==== DATA EXTRACT ====

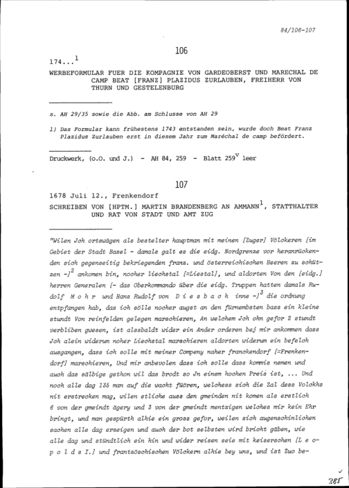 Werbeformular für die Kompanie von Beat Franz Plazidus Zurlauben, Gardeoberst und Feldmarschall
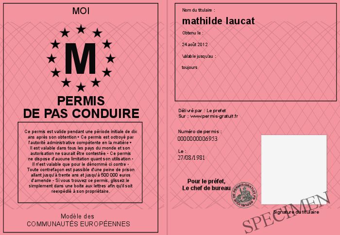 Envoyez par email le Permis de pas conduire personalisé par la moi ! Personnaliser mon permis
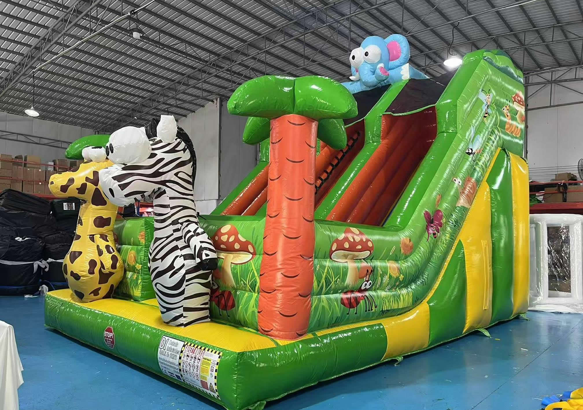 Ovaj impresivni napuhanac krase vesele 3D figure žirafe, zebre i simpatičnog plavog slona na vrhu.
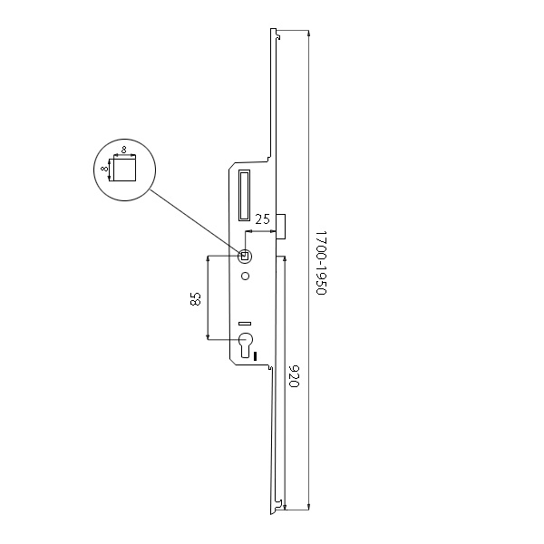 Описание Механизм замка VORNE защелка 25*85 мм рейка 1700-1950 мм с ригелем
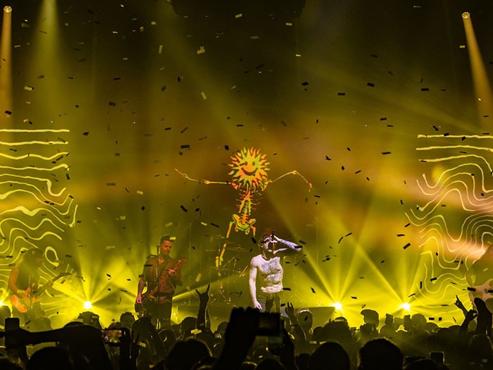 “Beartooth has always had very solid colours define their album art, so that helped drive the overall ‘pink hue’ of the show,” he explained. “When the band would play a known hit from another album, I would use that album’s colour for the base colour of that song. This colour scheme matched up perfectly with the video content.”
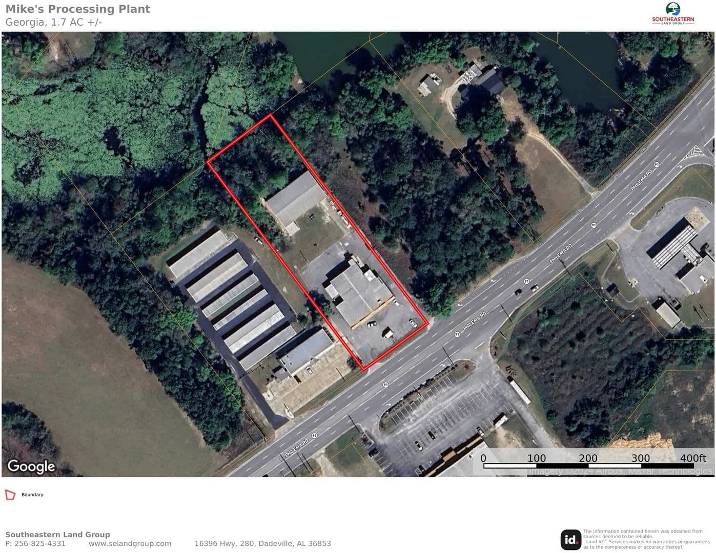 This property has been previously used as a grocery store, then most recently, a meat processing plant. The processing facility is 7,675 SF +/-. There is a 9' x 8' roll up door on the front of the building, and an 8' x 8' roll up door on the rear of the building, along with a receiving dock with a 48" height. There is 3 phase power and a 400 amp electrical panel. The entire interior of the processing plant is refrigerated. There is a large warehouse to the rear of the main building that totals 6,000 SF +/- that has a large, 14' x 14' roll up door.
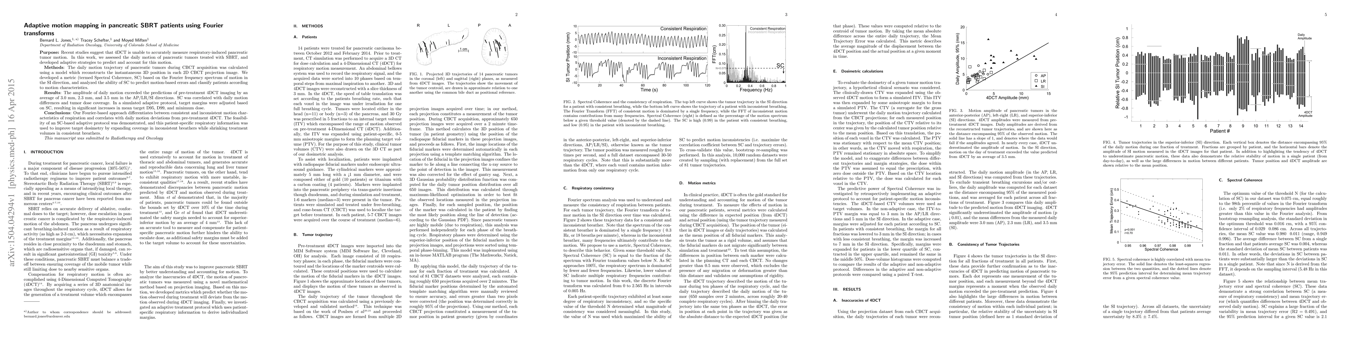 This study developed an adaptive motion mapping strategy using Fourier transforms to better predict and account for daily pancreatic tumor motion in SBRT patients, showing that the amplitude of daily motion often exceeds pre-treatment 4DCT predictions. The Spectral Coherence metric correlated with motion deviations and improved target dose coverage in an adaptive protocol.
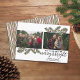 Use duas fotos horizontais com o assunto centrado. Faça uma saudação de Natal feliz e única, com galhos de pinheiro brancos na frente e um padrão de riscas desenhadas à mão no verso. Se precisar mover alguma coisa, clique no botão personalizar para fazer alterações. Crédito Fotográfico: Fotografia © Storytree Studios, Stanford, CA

====

■ **EXERCISE INSTRUCTIONS**: Transcribe the records in full and exactly. Pictures stay out.

■ **EXERCISE RESULT**:
 Werbeformular für die Kompanie von Beat Franz Plazidus Zurlauben, Gardeoberst und Feldmarschall
 Envoyez par email le Permis de pas conduire personalisé par la moi ! Personnaliser mon permis
 Ovaj impresivni napuhanac krase vesele 3D figure žirafe, zebre i simpatičnog plavog slona na vrhu.
 Описание Механизм замка VORNE защелка 25*85 мм рейка 1700-1950 мм с ригелем
 “Beartooth has always had very solid colours define their album art, so that helped drive the overall ‘pink hue’ of the show,” he explained. “When the band would play a known hit from another album, I would use that album’s colour for the base colour of that song. This colour scheme matched up perfectly with the video content.”
 This property has been previously used as a grocery store, then most recently, a meat processing plant. The processing facility is 7,675 SF +/-. There is a 9' x 8' roll up door on the front of the building, and an 8' x 8' roll up door on the rear of the building, along with a receiving dock with a 48" height. There is 3 phase power and a 400 amp electrical panel. The entire interior of the processing plant is refrigerated. There is a large warehouse to the rear of the main building that totals 6,000 SF +/- that has a large, 14' x 14' roll up door.
 This study developed an adaptive motion mapping strategy using Fourier transforms to better predict and account for daily pancreatic tumor motion in SBRT patients, showing that the amplitude of daily motion often exceeds pre-treatment 4DCT predictions. The Spectral Coherence metric correlated with motion deviations and improved target dose coverage in an adaptive protocol.
 Use duas fotos horizontais com o assunto centrado. Faça uma saudação de Natal feliz e única, com galhos de pinheiro brancos na frente e um padrão de riscas desenhadas à mão no verso. Se precisar mover alguma coisa, clique no botão personalizar para fazer alterações. Crédito Fotográfico: Fotografia © Storytree Studios, Stanford, CA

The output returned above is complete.